После свадьбы. Книга 2
Шрифт:
Пытка возобновлялась каждый вечер. Порой тоска скручивала его так, что он готов был послать телеграмму: немедленно приезжай. Но что-то останавливало его. Если у него есть характер, как утверждает Чернышев, то и в этом он должен быть мужчиной. И все же поздними вечерами он боялся себя, боялся, что не выдержит, оденется, выйдет на костылях на шоссе, сядет на «попутку», доберется до станции и утром приедет в Ленинград.
Он с нетерпением ждал рассвета, утреннего гудка… Заботы о завтрашних делах как-то удерживали его. Но скрепа становилась непрочной, он все
«Да что ж я в конце концов, не доверяю ей? Какие у меня основания? Чепуха, нервы, воображение. Я верю, верю, я просто хочу ее видеть, я не могу больше без нее. Ладно, не буду, я только помечтаю». И он отправлялся в воображаемую поездку.
Это была опасная игра, потому что, когда она кончалась, ему становилось еще тяжелее. Ему обязательно представлялось, как он застает ее врасплох с кем-нибудь на улице или в кино…
Подозрения его переходили в уверенность. Ревность… Он улыбался. Ревнивый муж — это очень смешно. Мещанство. Пережиток. Они с Тоней как-то смотрели оперетту про ревнивого мужа. И хохотали. Нет, никакой он не ревнивый муж, это даже дико звучит. Просто, если он узнает что-нибудь, то все будет кончено…
В субботу вечером пришла Надежда Осиповна, возбужденная, радостная: в областной газете напечатана статья о самостоятельном планировании колхозов, раскритиковали Кислова, а район похвалили. Звонил Шихарев — решено протянуть линию электропередачи в Леваши. Она принесла букет цветов, кринку свежего творога, пирог с морковью. Накрыла стол, поставила цветы, и комната сразу празднично повеселела.
— Ландышам вазочку отдельную, — приговаривала она. — Никакие другие цветы с ними не уживаются, вянут.
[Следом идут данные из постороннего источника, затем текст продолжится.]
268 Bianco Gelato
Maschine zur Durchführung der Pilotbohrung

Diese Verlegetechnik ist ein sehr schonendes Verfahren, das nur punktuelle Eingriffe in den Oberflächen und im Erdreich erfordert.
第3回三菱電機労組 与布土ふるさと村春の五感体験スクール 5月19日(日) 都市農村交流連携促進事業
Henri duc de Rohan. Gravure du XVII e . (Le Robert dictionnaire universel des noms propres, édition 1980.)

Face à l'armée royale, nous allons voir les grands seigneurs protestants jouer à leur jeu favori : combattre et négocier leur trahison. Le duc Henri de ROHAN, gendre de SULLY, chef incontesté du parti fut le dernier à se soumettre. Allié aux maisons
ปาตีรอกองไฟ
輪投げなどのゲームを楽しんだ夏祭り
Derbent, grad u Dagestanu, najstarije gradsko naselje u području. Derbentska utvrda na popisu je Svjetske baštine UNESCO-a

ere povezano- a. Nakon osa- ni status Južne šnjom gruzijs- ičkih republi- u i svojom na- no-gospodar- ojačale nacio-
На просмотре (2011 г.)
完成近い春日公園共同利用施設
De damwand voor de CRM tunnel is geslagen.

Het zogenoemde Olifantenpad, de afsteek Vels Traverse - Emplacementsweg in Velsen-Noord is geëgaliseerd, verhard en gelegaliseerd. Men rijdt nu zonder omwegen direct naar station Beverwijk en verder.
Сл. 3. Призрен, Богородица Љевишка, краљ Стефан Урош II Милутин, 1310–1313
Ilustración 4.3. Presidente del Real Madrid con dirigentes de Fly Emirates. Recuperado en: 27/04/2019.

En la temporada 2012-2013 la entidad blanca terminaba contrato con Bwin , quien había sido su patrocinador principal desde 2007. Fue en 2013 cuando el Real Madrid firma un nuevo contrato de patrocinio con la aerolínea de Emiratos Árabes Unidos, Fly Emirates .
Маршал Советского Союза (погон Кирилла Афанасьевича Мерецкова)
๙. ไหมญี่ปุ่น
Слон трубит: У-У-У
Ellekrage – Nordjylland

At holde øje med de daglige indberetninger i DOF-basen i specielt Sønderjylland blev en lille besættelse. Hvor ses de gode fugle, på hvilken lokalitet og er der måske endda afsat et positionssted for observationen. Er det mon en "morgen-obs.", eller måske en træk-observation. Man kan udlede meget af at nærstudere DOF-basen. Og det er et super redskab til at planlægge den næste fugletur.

Такой милый, скромный цветок, и, поди ж ты, никого терпеть не может.
Была она в коротком ситцевом платьице в горошек, в матерчатых сандалетках на босу ногу, смуглая, пропитанная солнцем кожа ее на руках и ногах была вся в белых царапинах и ссадинах, как у ребятишек. Загар смягчал ее грубое, скуластое лицо, и даже зеленоватые глаза посветлели, словно выгорели вместе с золотистыми бровями и кудрявыми, коротко остриженными волосами.
С самого начала Надежда Осиповна заявила, что хочет сегодня отдыхать, к черту дела, слышать она больше не в состоянии про посевную. Но стоило Игорю спросить о льне, как Надежда Осиповна вспомнила, что на некоторых участках найдены личинки долгоножки, и принялась упрашивать Игоря изготовить специальные распылители.
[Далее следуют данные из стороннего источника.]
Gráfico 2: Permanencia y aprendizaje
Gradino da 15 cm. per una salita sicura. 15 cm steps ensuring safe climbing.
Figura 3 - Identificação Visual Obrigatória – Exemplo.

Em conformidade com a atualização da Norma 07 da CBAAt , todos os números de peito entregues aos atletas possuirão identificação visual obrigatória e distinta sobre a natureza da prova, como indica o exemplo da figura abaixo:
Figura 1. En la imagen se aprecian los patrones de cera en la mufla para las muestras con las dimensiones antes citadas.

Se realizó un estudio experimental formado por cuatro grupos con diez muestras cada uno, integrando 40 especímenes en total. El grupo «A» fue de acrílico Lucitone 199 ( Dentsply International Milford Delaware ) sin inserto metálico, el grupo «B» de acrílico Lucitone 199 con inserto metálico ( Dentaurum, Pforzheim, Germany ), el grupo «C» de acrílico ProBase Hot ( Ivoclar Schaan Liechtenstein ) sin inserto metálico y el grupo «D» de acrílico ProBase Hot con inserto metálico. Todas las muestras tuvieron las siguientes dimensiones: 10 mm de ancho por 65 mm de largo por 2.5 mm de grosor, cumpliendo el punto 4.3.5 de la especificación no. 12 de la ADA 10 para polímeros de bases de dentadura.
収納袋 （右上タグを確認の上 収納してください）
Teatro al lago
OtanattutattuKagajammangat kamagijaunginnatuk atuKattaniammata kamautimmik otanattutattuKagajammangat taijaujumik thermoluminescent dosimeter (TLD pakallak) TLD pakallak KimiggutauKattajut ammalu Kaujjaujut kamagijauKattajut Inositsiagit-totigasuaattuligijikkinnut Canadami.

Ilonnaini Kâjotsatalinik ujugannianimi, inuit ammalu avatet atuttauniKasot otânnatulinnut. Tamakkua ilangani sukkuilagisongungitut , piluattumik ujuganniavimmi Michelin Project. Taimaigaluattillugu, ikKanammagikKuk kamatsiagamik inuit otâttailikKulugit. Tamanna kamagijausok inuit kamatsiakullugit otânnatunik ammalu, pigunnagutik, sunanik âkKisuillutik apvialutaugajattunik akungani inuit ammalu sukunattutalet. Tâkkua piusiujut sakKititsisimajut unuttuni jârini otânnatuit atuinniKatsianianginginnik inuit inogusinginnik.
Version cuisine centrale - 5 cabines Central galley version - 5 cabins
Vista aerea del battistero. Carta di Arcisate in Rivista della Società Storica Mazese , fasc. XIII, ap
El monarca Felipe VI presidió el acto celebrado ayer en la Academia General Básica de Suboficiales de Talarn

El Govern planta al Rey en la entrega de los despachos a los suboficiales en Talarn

Сейчас она болела новой идеей — специализировать все колхозы района на льне. Превратить весь район в огромную фабрику льна. Приспособить всю технику, семенное хозяйство, удобрения — все для льна. А то любой колхоз словно промкомбинат; тут тебе и пшеница, и клевер, и капуста, и овес, и кукуруза, и парники — чего только нет! А ведь мы можем такой лен дать, какой нигде не уродится! А пшеницу и без нас вырастят на Кубани.
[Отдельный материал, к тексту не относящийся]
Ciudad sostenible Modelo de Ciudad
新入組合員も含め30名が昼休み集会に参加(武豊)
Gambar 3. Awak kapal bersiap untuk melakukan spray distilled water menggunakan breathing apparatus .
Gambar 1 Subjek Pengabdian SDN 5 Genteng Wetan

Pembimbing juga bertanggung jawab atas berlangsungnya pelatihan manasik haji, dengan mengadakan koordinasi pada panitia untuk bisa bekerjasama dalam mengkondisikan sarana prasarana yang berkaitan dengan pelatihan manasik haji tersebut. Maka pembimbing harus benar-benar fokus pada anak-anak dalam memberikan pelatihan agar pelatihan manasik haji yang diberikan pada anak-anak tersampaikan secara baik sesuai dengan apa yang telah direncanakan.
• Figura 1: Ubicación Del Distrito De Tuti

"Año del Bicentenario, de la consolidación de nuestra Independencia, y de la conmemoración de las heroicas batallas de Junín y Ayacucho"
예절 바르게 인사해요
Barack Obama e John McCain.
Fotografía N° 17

Она уже уговорила председателей колхозов и Чернышева подписать письмо в обком. Надо еще Жихарева обработать. Эх, был бы у нее муж большой начальник, она б его завербовала, она б его настропалила!
— Чего ж, если за вами остановка… — засмеялся Игорь.
Надежда Осиповна подперла руки в бока.
— А вы как полагали? У меня на любого мужчину отмычка имеется. Чего другого, а тут-то мы вашего брата запакуем и в мешок спрячем, не заметите.
— Ну, уж будто…
— Да-а? — Она заглянула ему в зрачки, зеленые глаза ее вспыхнули, и, начиная с этой минуты, хотя они продолжали говорить о льне, между ними появилось неуловимое, озорное поддразнивание.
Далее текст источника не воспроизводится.